En attendant des résultats de fouilles décisifs, l’enthousiasme local à Izmir atteint un sommet, nourri par des siècles de folklore.
Le long des collines aux abords de la ville, une grotte humide de la vallée de Bornova est depuis longtemps vénérée par les habitants comme le lieu où Homère aurait composé ses chefs-d’œuvre. Les textes anciens appelaient fréquemment le poète Melesigenes ("né du Meles"), en référence au fleuve qui coule à côté de Bayraklı.
"Préserver l’héritage d’Homère est un devoir que nous devons à l’humanité", déclare à l’AFP le maire de Bornova, Ömer Eşki, en détaillant les projets municipaux visant à restaurer la grotte pour le tourisme culturel international. "Les histoires qu’il raconte appartiennent à ce paysage."
Les chercheurs locaux invoquent également des reliefs antiques qui reproduisent les contours physiques de la grotte de Bornova.
"On a toujours appelé cet endroit la vallée d’Homère. Pour moi, il ne fait aucun doute qu’il vient de ces terres", explique à l’AFP le chercheur turc Altan Altın, ajoutant que l’héritage du poète fait le lien entre les histoires régionales. "Homère a 2 800 ans, alors que les frontières modernes n’ont qu’un siècle. Homère est grec. Homère est anatolien."

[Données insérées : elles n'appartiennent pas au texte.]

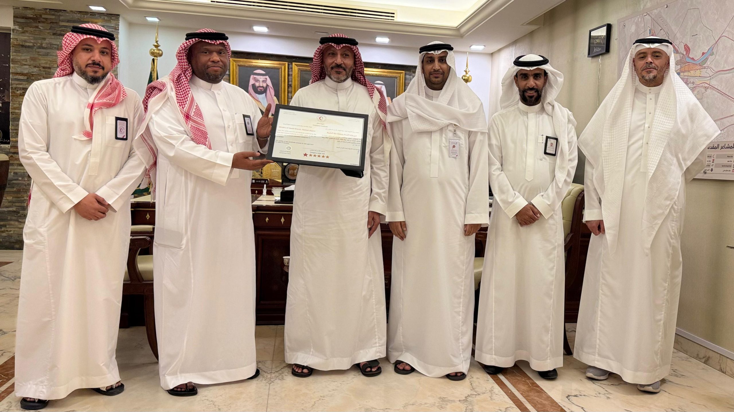 سلّم مدير عام فرع هيئة الهلال الأحمر السعودي بمنطقة مكة المكرمة، الأستاذ حسن حسين نافع شهادة الامتثال الإسعافي ضمن مشروع السلامة الإسعافية للمنشآت للدكتور وائل حمزه مطير،

Des archéologues comme Mehmet Akif Erdem soulignent également que les monnaies et les statues prouvent que les habitants de l’Antiquité considéraient Homère comme l’un des leurs. Mais, comme le rappelle la professeure Erdem à Euronews, si les pistes historiques et linguistiques ramènent sans cesse à l’ancienne Smyrne, la preuve matérielle ultime demeure enfouie sous terre.